Homogeneity and completeness trade off; both must be reported. A single number hides which direction the algorithm is failing.
**Per-fixture report** is dumped as JSON on every CI run, not just pass/fail, so we can watch trends over time.
---
## 4. First Algorithm (after 13 are green)
Connected-components on a similarity graph. No ML.
- Nodes: attackers (or sessions, TBD — see open questions).
- Edges: weighted similarity, threshold to binarize.
- Edge weight = sum of:
- JA3/JA4/HASSH exact match: high
- Payload hash exact match: high
- C2 callback domain/IP exact match: high
- **Phase-handoff signal:** actor X ends in C2/Persistence on a decky, actor Y begins Discovery/Lateral Movement on the same decky within window W: medium-high. Defeats fixture 5 even when IP/ASN diverge.
- Credential-list Jaccard: low (defeated by fixture 1)
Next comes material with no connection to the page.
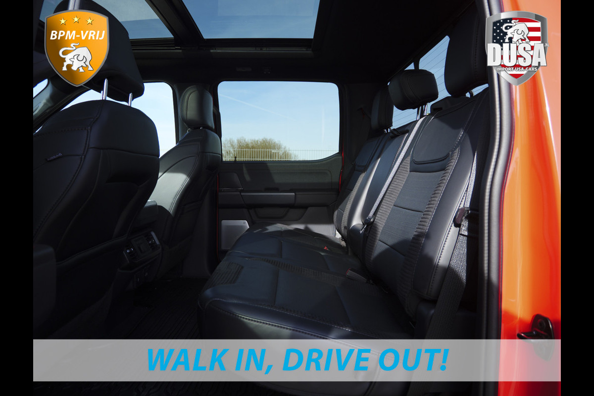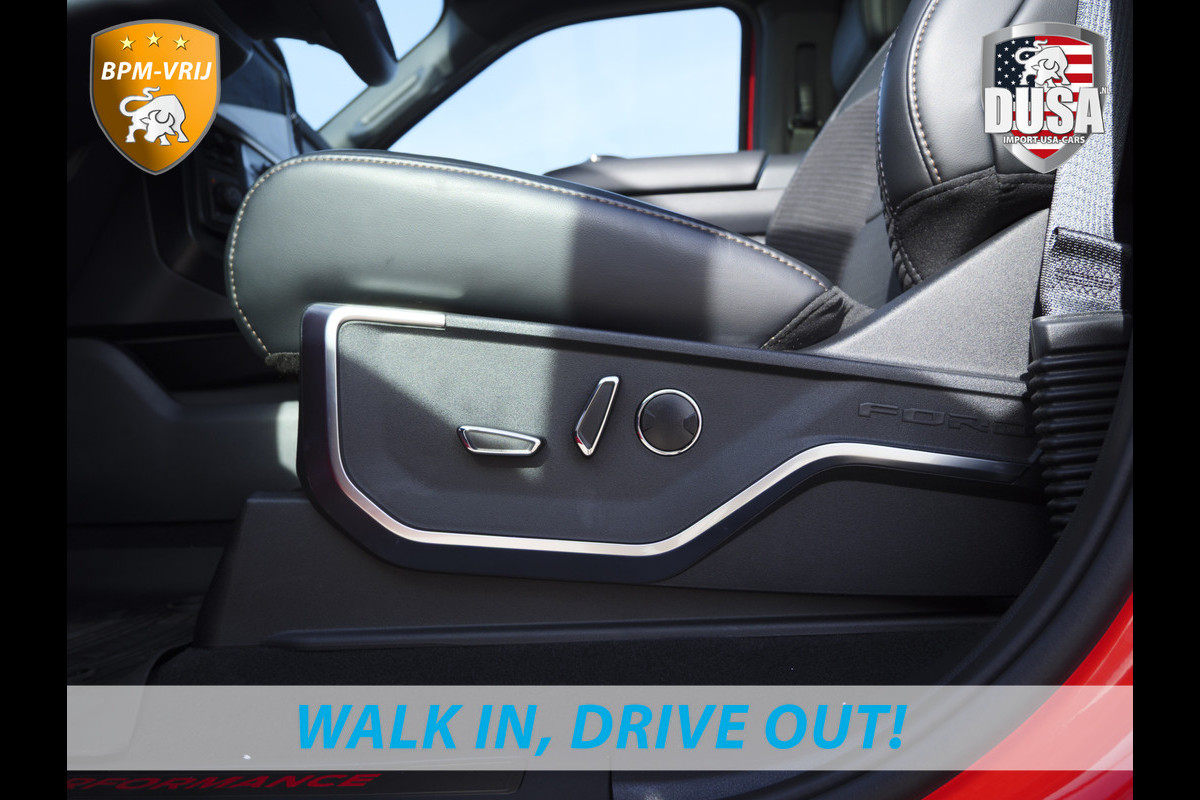 Bij het ontwerpen van de Ford RAPTOR stonden uw comfort en uw veiligheid centraal. Deze nieuwe auto is nu uit voorraad leverbaar. Hij heeft een benzinemotor en een automatische transmissie. De hoogwaardige, lederen bekleding benadrukt de kwaliteit van deze auto. Zit u goed? De stoelen zijn eenvoudig instelbaar dankzij de elektrische bediening met geheugen. Met het grote glazen panoramadak voelt het alsof u in een cabrio zit. Beknibbelen op comfort is er niet bij met deze Ford RAPTOR. Hij is zelfs voorzien van een verwarmd stuurwiel! Tot de uitrusting behoren ook zwarte hemelbekleding, getint glas, in delen neerklapbare achterbank, treeplanken en LED-achterlichten.
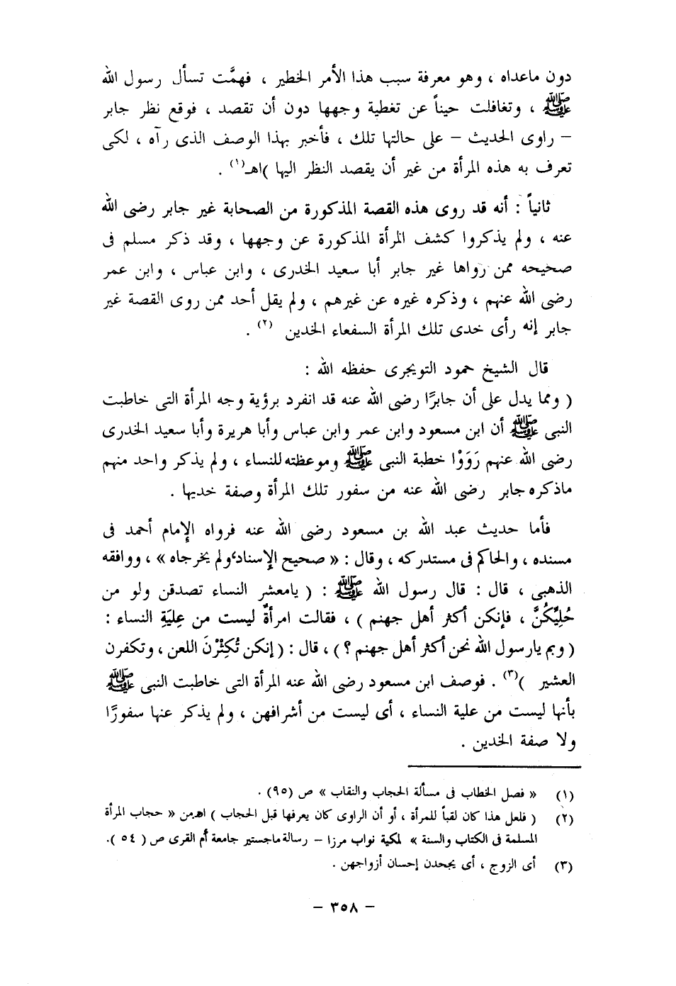 الأجنبيات ممتنع في الغالب من أجل احتجابهن عنهم، ولو كان السفور جائزًا لما كان الرجال يحتاجون أن تُنْعَتَ لهم الأجنبيات من النساء بل كانوا يستغنون بنظرهم إليهن كما هو معروف في البلدان التي قد فشا فيها

- Command-sequence Jaccard, bucketed by UKC phase: medium
- Temporal proximity (within window W): low multiplier
- ASN match: very low
- Edge threshold and feature weights are config, tuned against the 6 fixtures.
If connected-components passes all 6, ship it. DBSCAN/HDBSCAN/graph-community algorithms are deferred until a fixture proves CC inadequate.
---
## 5. Pipeline Integration
- New worker: `decnet clusterer`. Bus consumer on `attacker.scored` and `attacker.observed`.
- Re-cluster strategy: incremental on new attacker arrivals, full re-cluster nightly.
- Storage: `campaigns` table (UUID PK, per the `feedback_uuid_over_natural_keys` rule); `attackers.campaign_id` FK nullable.
- Bus signal: `campaign.{id}.formed` / `campaign.{id}.updated`. Document in `wiki-checkout/Service-Bus.md` per the `feedback_wiki_bus_signals` rule.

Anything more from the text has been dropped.